My blood went cold. “Child Services?”
“It’s standard in contested custody cases. They’ll want to do a home visit. Make sure the environment is suitable for a child.”
“When?”
“Could be anytime. They don’t usually give advance notice. That’s the point.”
“Anthony.”
“Which is why you need to get your house in order. Now. Today. Before they show up and see—”
His voice cut off.
Then: “Shit.”
“What?”
“I just got an email from the court. Child Services is scheduled for a home visit today.”
My heart stopped. “When?”
“One PM.”
I looked at my watch. It was noon.
“You have one hour,” Anthony said. “Get home. Clean up. Make it look like a normal, stable household. I’ll see if I can stall them.”
The line went dead.
I stood there, phone in hand, feeling the weight of what he’d just said settle over me like a lead blanket.
One hour.
One hour to transform my house from a craft-store-explosion-slash-bakery-slash-indoor-playground into something that looked like a suitable environment for raising a child.
One hour to make sure I didn’t lose everything.
“Gabriel?” Fitz was standing now, concern written across his face. “What’s wrong?”
“Child Services is coming to my house in one hour.”
The room erupted.
“What?”
“Today?”
“Right now?”
“How much of a disaster are we talking?” Nathan asked.
I thought about the kitchen, covered in cooling racks and baking sheets. The living room, with its glitter drawings and couch-cushion fort. The dining room, with its bedsheet teepee held up by chairs and what appeared to be an entire bag of balloons.
“Catastrophic,” I said.
“Then what are we waiting for?” Hayden was already grabbing his jacket. “Let’s go.”
“You don’t have to—”
“Gabriel.” He fixed me with a look. “You’re our friend. Your wife is terrified. Your daughter is caught in the middle of a custody battle. And you need help. So shut up and let us help you.”

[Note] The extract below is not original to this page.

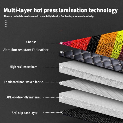 - [Materiał]: Jest to dwuwarstwowa mata podłogowa, która składa się z dwóch części. Dolna warstwa to skórzana mata podłogowa, wykonana z wysokiej jakości skóry, elastyczna, odporna na zużycie i super wodoodporna. Na środku znajduje się warstwa pianki XPE, która sprawia, że mata jest bardziej miękka i elastyczna. Wierzchnia warstwa to materiał szenilowy.
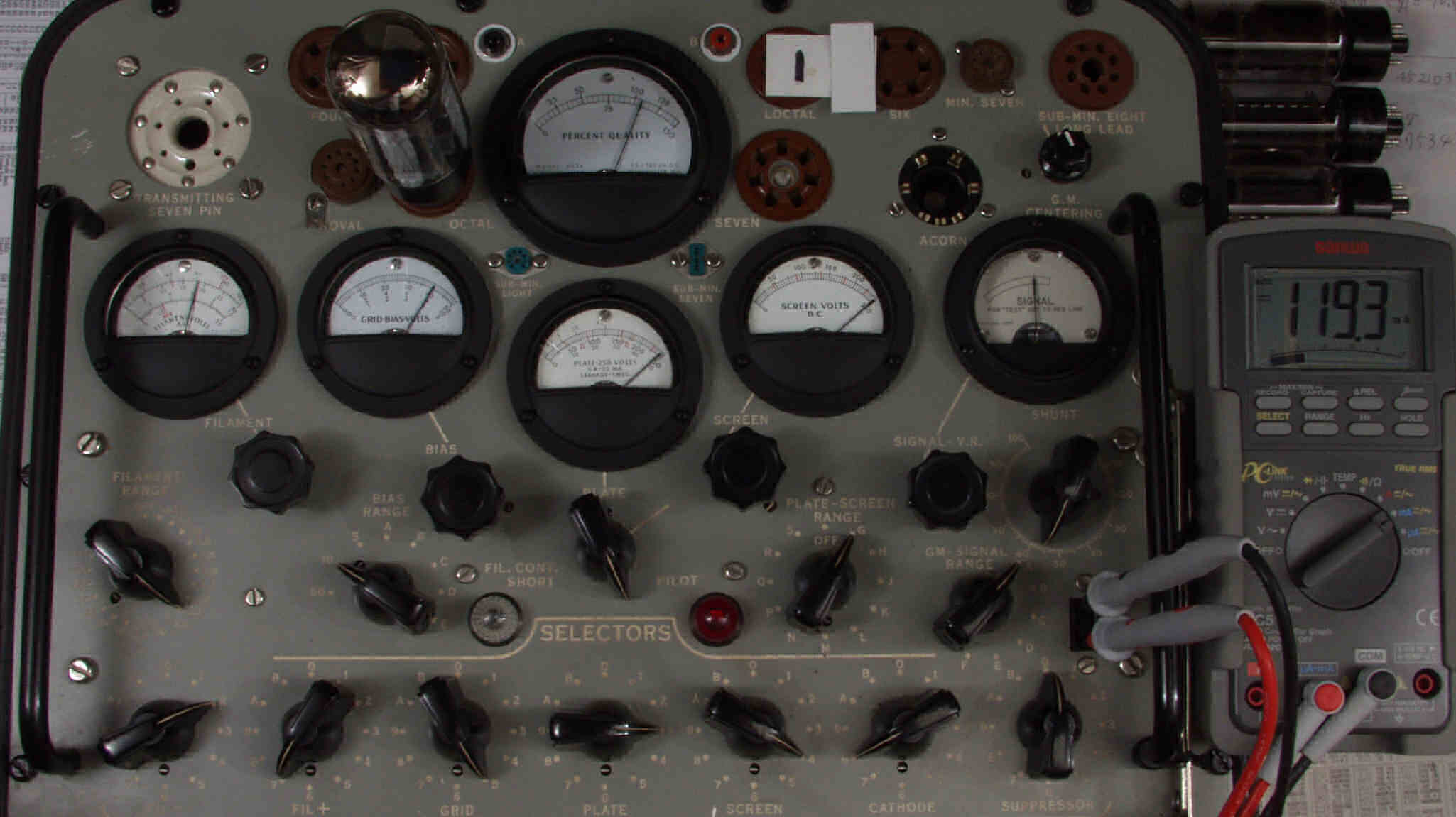 E1. 1本目 6G-B8 測定。 Gm=23000μmho、Ip=119.5mA。RangeSW=A、FullScale=30000μmho。

Fitz was already heading for the door. “I’ll drive. Nathan, you’re with me. Hayden, Julien, you take Gabriel’s car.”
“What about the clinic?” I asked.
“Reschedule everything,” Hayden said. “This is more important.”
“But—”
“Gabriel.” Nathan’s hand landed on my shoulder. “We’ve got your back. All of us. Now let’s go save your family.”
The drive home took twelve minutes.
It felt like twelve hours.
Fitz drove like he was trying to qualify for NASCAR, weaving through traffic with the kind of precision that would have been impressive if I wasn’t currently having a minor cardiac event in the passenger seat.
“You know,” he said conversationally, “I always wondered what it would take for you to lose one’s shit.”
“I haven’t lost my shit.”
“You’re gripping the door handle hard enough to leave fingerprints in the metal.”
I forced myself to let go. “I’m fine.”
“You’re shit scared, mate.”
“What?”
“You’re shit scared, bricking it. You’re terrified that Child Services is going to show up, see the chaos, and decide Megan would be better off with Tonya.” He glanced at me. “And you’re petrified of losing Cate.”
“This isn’t about Cate.”
“Codswallop. This is entirely about Cate.” He took a turn fast enough that I had to brace myself against the door. “You’re in love with her.”
“I’m not.”
“You married her.”
“For the custody case.”
“You married her,” Fitz repeated, “because you couldn’t stand the thought of her leaving. Because somewhere between the skateboard incident and the dinner she made and the way she looks at Megan, you fell for her. Hard.”
I didn’t respond.
Because he was right.
I had fallen for her.
Somewhere between her anxiety spirals and her stress-baking and the way she turned my controlled, organized life into beautiful chaos, I’d fallen completely and irrevocably in love with Cate Brennan.
Cate Lyon.
My wife.
“So what are you going to do about it?” Fitz asked.
“Right now? I’m going to make sure my house doesn’t look like a disaster zone when Child Services arrives.”
“And after?”
“After, I’m going to win this custody case. I’m going to keep Megan. And I’m going to convince Cate that this marriage doesn’t have to be temporary.”